#### EXERCISE DETAILS:
All pictures are to be omitted while the lines starting at the line with "(Original magnification: ×200)" and ending at the line with "下午15:00,我校暑期干部" in the material below are retyped exactly, both ends included.

#### DATA SUPPLIED:
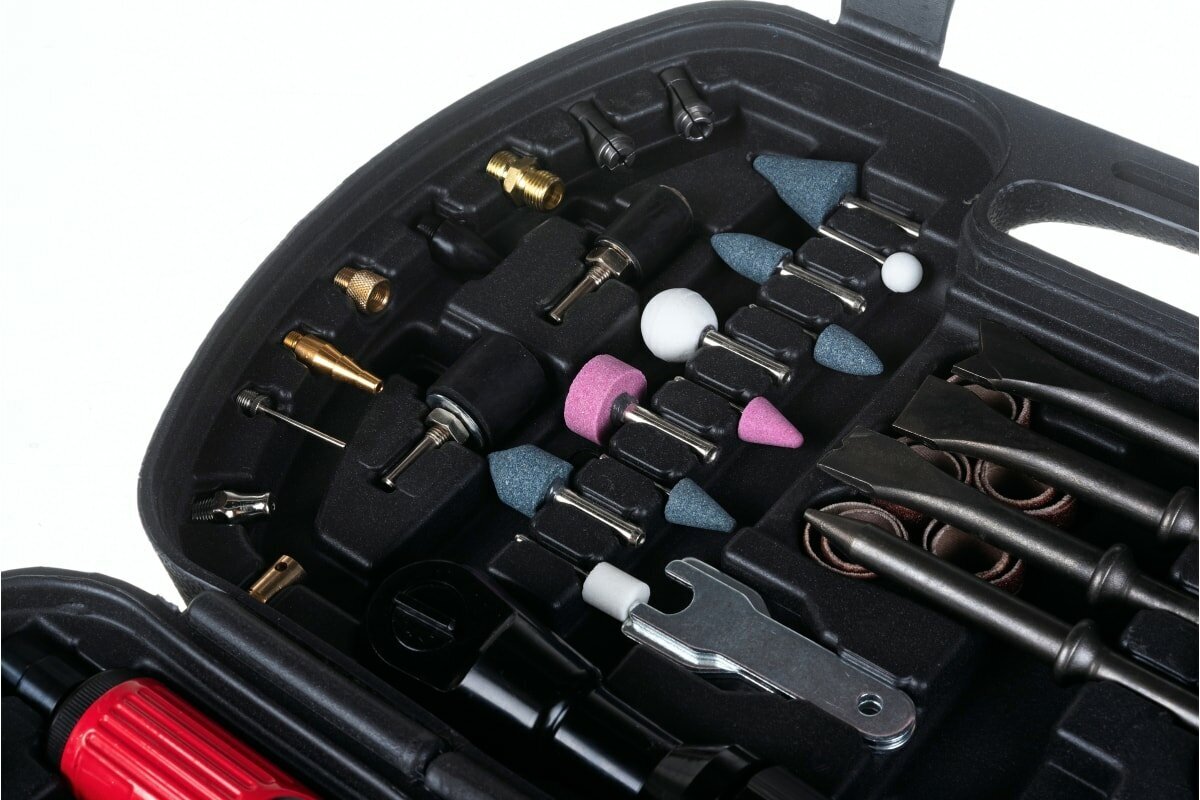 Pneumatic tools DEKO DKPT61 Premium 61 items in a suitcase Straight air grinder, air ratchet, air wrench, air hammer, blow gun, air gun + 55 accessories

--

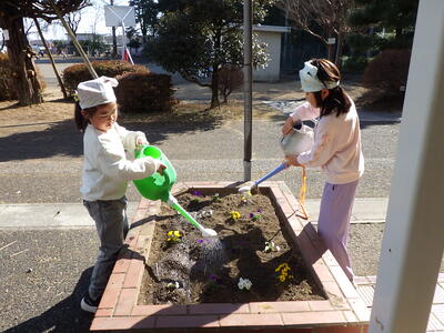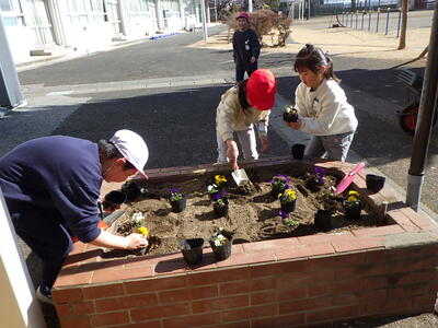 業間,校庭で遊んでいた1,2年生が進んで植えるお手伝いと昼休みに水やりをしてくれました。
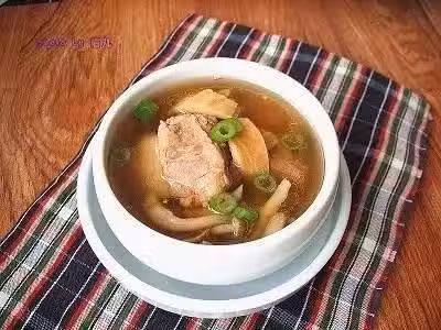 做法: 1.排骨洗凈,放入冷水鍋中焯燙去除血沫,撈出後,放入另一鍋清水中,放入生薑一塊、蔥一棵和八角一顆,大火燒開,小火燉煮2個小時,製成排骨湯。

--

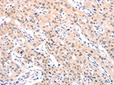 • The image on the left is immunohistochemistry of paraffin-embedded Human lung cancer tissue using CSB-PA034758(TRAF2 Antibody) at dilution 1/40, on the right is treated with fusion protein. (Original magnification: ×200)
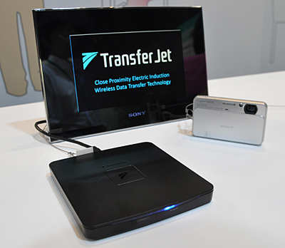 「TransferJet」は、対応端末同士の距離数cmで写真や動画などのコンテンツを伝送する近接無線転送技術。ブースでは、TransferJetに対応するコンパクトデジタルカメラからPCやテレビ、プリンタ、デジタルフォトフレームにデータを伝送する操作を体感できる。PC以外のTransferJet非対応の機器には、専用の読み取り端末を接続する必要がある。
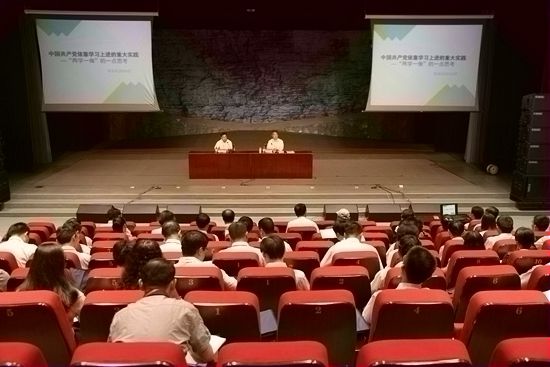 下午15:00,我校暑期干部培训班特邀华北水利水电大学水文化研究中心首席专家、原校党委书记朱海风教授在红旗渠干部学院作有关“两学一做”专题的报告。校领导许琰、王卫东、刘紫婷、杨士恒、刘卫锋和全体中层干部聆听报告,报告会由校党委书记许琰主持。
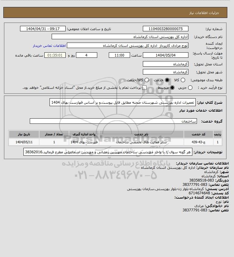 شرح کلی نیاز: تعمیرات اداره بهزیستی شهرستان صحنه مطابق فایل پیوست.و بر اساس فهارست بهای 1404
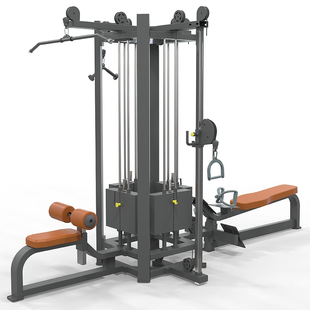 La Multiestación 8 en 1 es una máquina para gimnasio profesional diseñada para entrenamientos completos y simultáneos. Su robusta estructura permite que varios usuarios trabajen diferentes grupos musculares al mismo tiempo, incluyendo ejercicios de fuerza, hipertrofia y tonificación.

#### SOLUTION BELOW:
 • The image on the left is immunohistochemistry of paraffin-embedded Human lung cancer tissue using CSB-PA034758(TRAF2 Antibody) at dilution 1/40, on the right is treated with fusion protein. (Original magnification: ×200)
 「TransferJet」は、対応端末同士の距離数cmで写真や動画などのコンテンツを伝送する近接無線転送技術。ブースでは、TransferJetに対応するコンパクトデジタルカメラからPCやテレビ、プリンタ、デジタルフォトフレームにデータを伝送する操作を体感できる。PC以外のTransferJet非対応の機器には、専用の読み取り端末を接続する必要がある。
 下午15:00,我校暑期干部培训班特邀华北水利水电大学水文化研究中心首席专家、原校党委书记朱海风教授在红旗渠干部学院作有关“两学一做”专题的报告。校领导许琰、王卫东、刘紫婷、杨士恒、刘卫锋和全体中层干部聆听报告,报告会由校党委书记许琰主持。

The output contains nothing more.